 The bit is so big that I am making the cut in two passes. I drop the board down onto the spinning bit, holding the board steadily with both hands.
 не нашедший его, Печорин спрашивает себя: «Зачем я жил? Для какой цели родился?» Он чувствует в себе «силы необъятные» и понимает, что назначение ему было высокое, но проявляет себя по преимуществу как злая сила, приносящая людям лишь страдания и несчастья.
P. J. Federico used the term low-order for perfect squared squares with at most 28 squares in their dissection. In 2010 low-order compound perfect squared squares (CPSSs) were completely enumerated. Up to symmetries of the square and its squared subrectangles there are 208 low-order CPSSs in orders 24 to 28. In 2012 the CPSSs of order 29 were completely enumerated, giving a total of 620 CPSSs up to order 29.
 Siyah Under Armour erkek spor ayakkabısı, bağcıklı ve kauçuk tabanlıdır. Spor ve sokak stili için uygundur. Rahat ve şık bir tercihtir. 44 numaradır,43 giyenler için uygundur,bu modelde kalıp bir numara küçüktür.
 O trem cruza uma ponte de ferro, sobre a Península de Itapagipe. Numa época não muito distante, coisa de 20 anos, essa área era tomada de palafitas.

┄┄┄┄┄┄┄┄┄┄┄┄┄┄┄┄┄┄┄┄

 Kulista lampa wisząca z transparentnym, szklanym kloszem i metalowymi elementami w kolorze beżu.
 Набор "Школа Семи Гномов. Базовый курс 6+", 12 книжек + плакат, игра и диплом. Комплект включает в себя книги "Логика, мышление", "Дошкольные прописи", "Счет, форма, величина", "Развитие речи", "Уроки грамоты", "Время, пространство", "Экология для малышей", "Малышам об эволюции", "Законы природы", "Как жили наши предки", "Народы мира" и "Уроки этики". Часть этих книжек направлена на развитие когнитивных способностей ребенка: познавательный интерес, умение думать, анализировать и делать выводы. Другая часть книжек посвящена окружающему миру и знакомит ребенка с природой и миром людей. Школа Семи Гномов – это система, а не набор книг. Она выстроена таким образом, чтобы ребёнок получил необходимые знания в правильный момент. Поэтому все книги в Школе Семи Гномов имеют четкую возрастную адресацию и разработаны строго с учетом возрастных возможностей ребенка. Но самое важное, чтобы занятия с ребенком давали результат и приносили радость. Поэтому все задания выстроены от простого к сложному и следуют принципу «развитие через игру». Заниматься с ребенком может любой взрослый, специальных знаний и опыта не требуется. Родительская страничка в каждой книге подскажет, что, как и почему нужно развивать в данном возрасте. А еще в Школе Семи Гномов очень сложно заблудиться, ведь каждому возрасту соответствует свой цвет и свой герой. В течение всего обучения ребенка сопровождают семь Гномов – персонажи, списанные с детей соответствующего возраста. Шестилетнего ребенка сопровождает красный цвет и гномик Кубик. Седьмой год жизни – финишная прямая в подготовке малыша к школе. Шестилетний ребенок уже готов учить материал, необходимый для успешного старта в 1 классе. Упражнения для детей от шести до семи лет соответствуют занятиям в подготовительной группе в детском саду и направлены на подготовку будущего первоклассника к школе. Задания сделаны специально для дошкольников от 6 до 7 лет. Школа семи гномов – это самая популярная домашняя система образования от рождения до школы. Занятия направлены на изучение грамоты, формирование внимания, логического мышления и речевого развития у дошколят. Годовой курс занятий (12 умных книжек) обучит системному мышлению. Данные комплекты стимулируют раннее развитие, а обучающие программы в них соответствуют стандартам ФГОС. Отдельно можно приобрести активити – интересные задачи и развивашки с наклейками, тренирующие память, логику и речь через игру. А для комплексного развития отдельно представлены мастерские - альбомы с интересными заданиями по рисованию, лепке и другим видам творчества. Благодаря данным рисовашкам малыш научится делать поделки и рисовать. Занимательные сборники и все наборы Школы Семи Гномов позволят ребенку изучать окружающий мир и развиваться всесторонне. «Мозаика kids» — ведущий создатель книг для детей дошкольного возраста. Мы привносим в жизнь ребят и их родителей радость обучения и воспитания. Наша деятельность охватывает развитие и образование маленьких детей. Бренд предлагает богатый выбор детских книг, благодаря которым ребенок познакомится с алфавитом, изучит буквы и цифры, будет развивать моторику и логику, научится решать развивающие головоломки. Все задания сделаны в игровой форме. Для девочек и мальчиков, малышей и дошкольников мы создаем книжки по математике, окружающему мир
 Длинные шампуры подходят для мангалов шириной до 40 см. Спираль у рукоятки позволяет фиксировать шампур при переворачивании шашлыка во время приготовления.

┄┄┄┄┄┄┄┄┄┄┄┄┄┄┄┄┄┄┄┄

> [To do]
The word "with" appears on some lines of the data above; count those lines and return only the number.

> [Task output]
2